Credit: Peter Macdiarmid/Getty Images
Wakefield read a statement from a UK newspaper apologizing after the former doctor brought a defamation suit. By this point, Deer had published numerous groundbreaking stories in the Sunday Times (circulation: 1.2 million). A tiny local newspaper, the Cambridge Evening News (circulation: 5,000), had reprinted two sentences from Deer's coverage. Instead of bringing Deer to court (which he would do later, unsuccessfully), Wakefield sued the fragile paper in eastern England, which did not have the resources to defend itself.
No one on the Mall that day understood the specifics. They weren't told the backstory. All they heard was that Wakefield was vindicated, for which they cheered.
Every schtick has a shelf life. Deer details the increasingly absurd stakes of Wakefield's career: measles causes Crohn's disease; the MMR vaccine causes autism; all vaccines are suspect. Over the course of two decades, the disbarred doctor chased money wherever it led, taking a willing media along with him. His efforts culminated in the 2016 pseudoscience documentary, "Vaxxed."
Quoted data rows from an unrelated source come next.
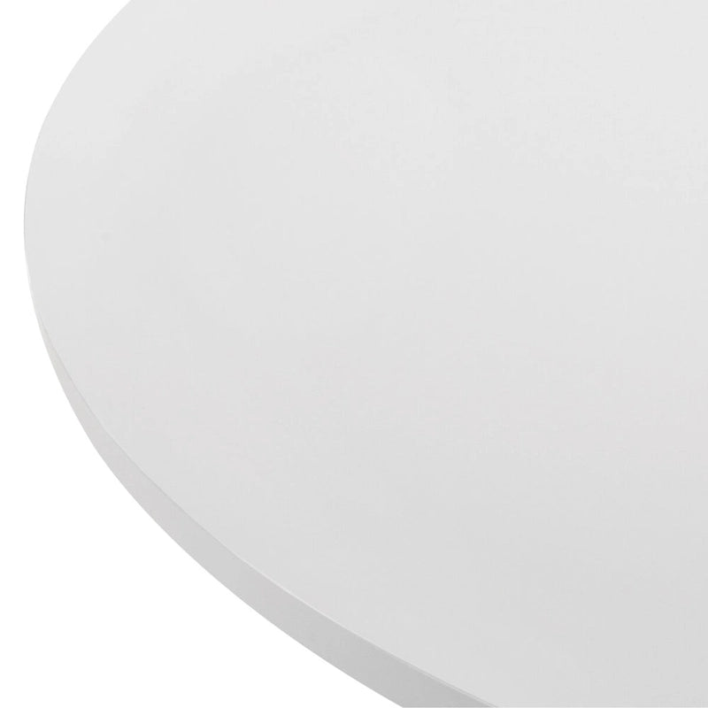 - [SLEEK AND STURDY DESIGN]: The dining table features a round table top with a white finish and a solid rubberwood pedestal base, providing stability and visual appeal.
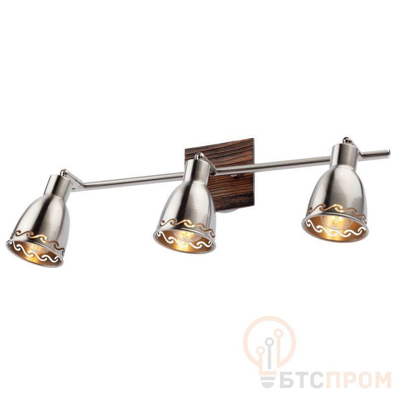 Светильник спот Acerno 7014-703 от Rivoli — это настенно-потолочный поворотный прибор для акцентного и общего освещения. Корпус из металла с покрытием под бронзу обеспечивает долговечность и стильный внешний вид. Конструкция включает три поворотных плафона на шарнирах, каждый с патроном E14, что позволяет направлять световой поток под нужным углом, создавая гибкую световую сцену.
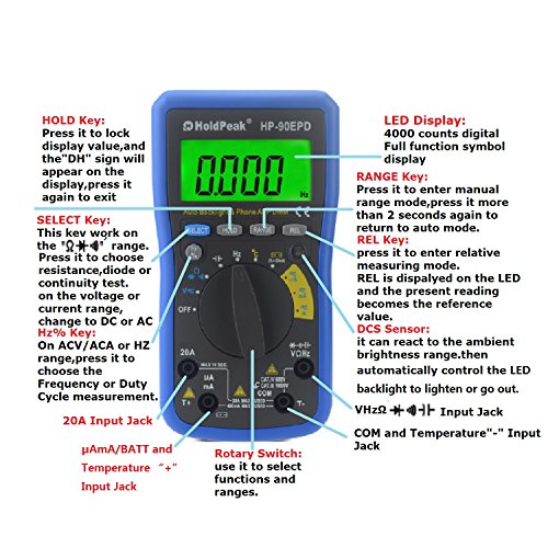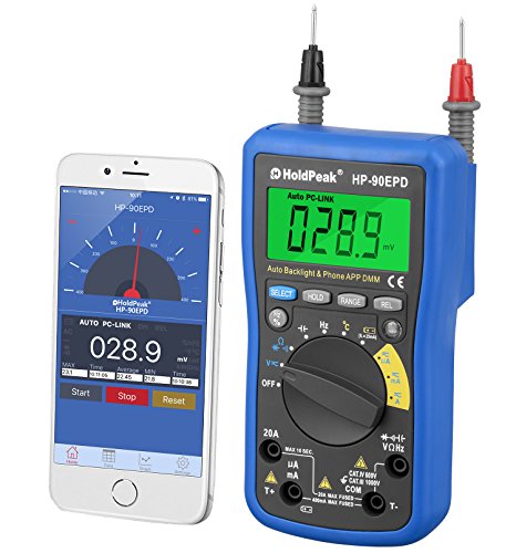 HOLDPEAK 90EPD Digital Auto-ranging Mobile APP DMM Multimeter With Diode And Continuity Test-Measuring DC & AC voltage,DC & AC current,resistance,capacitor,frequency,duty cycle,temperature
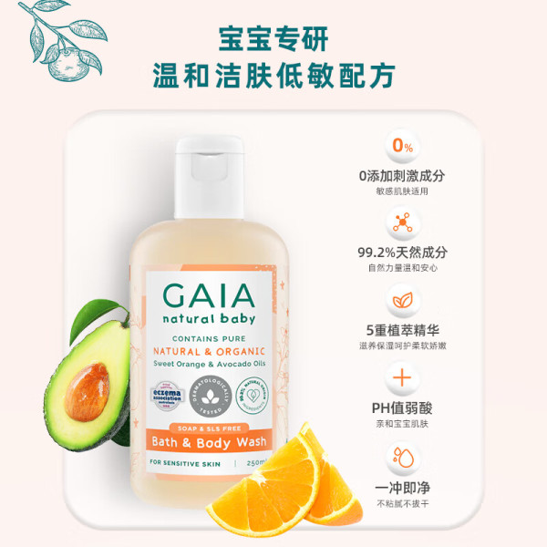 GAIA NATURAL BABY儿童沐浴露甜橙250ml/瓶婴童洗护滋润保湿婴儿澳洲进口
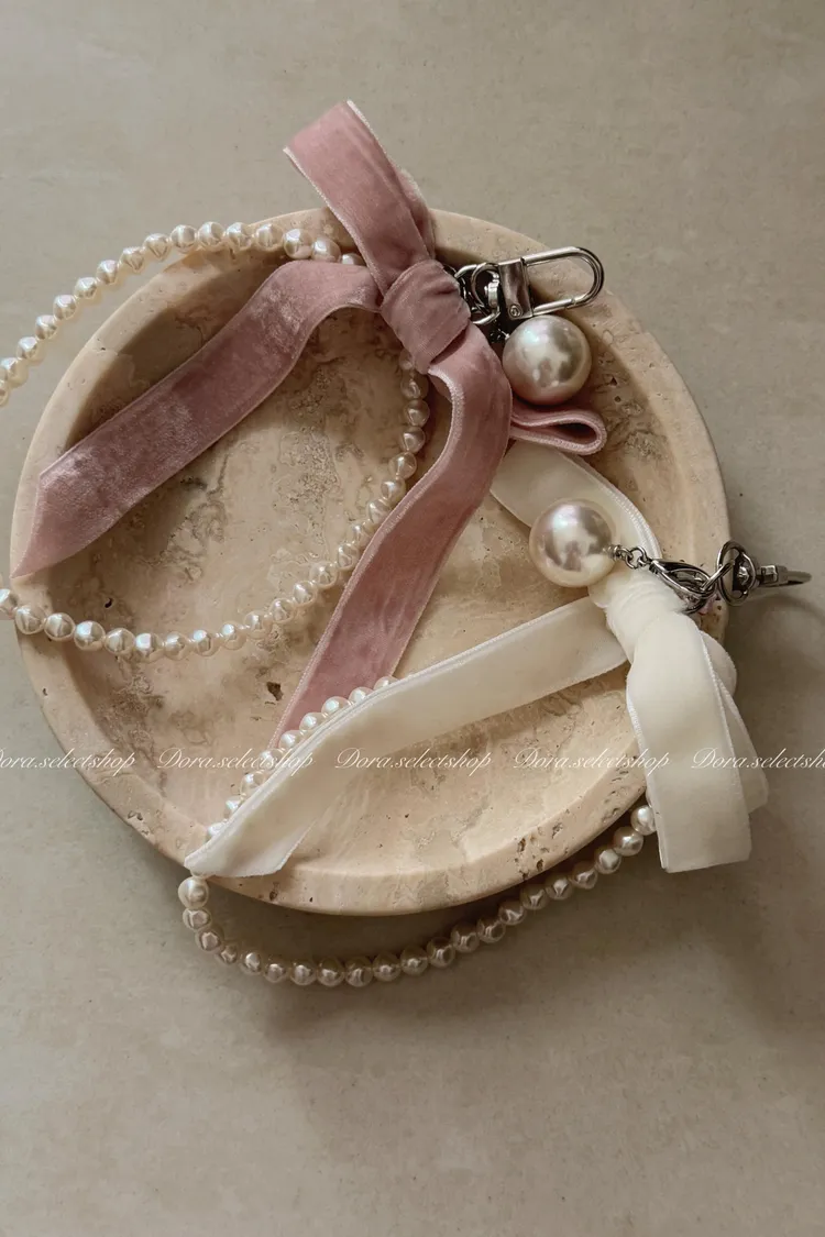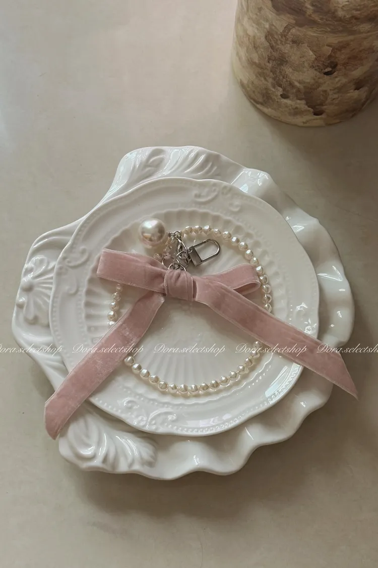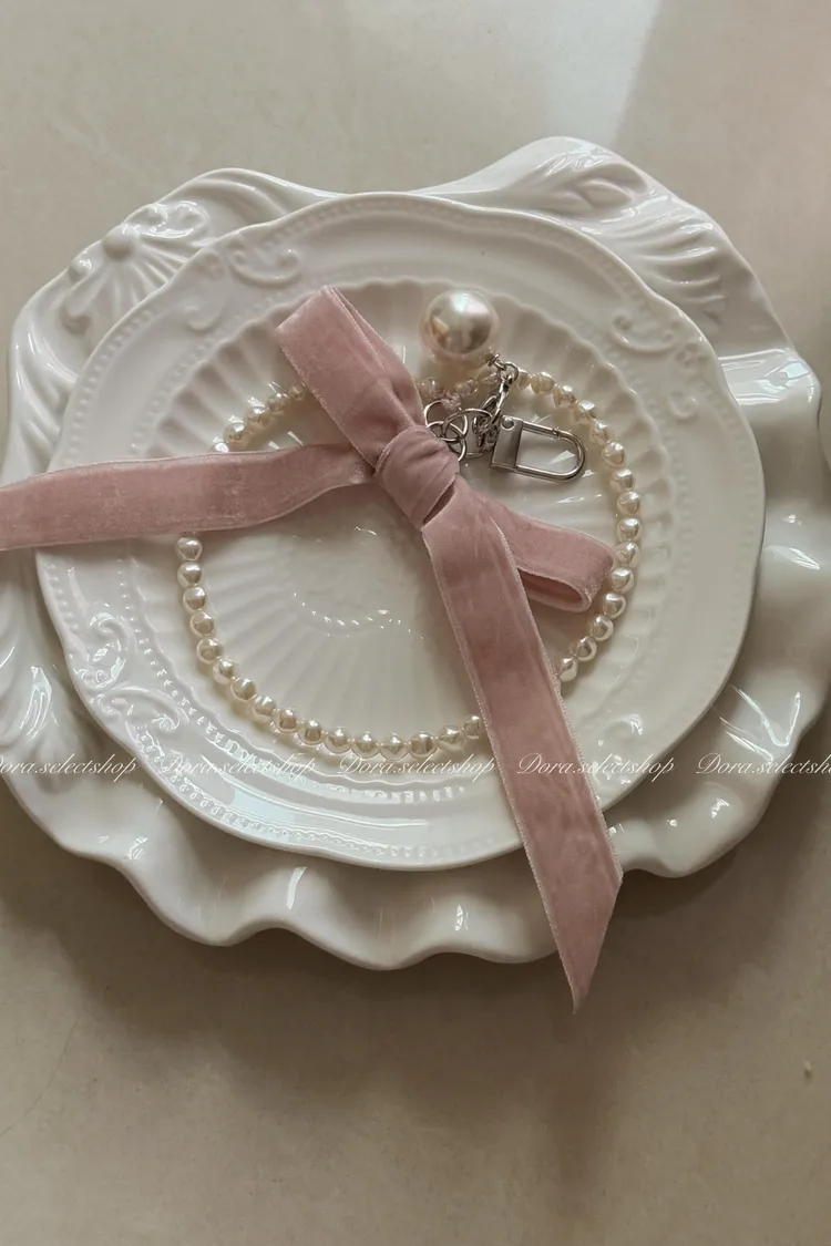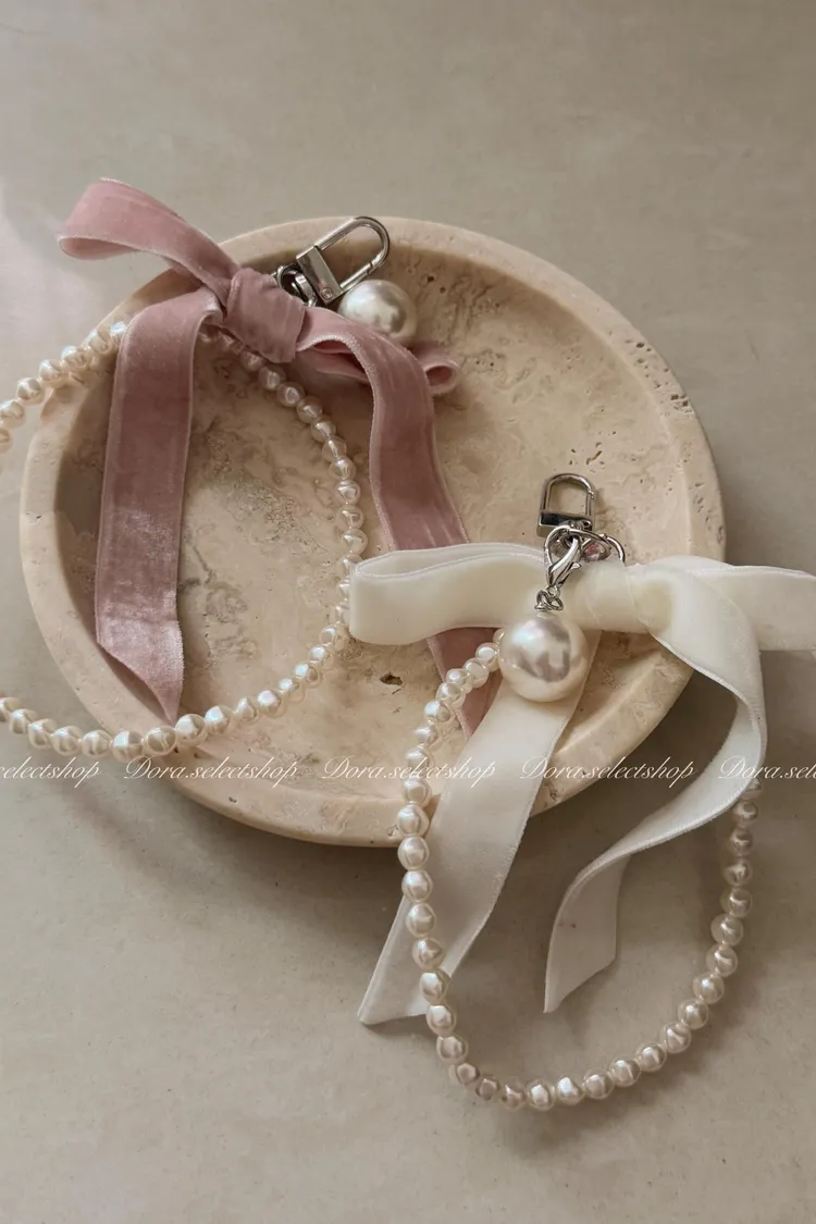 精緻小物🎀絨布蝴蝶結珍珠手機掛繩---粉

Actions have consequences. Andrew Wakefield saw opportunity in vaccine-resistant parents. At first, he filed for his own single-jab measles vaccine—at the time, the demon was supposedly the triple shot MMR—but he wasn't fully aware of what lurked inside of this Pandora's box. Wakefield was paid hundreds of thousands of dollars to fabricate the study, as Deer's reporting shows. A long game hadn't yet been imagined.
Twenty-two years later, during the worst pandemic in a century, 35 percent of Americans claim they will not take an FDA-approved, free COVID-19 vaccine, according to a Gallup poll. The science community called Wakefield's research out for what it was, yet by manipulating the media—more forcefully, social media—the "doctor with no patients" has made a large percentage of people skeptical of one of the best therapeutic interventions ever devised. The cost, if and when a COVID-19 vaccine is developed, will be high.
Never say one man cannot change the world. And never think that change is always for the better.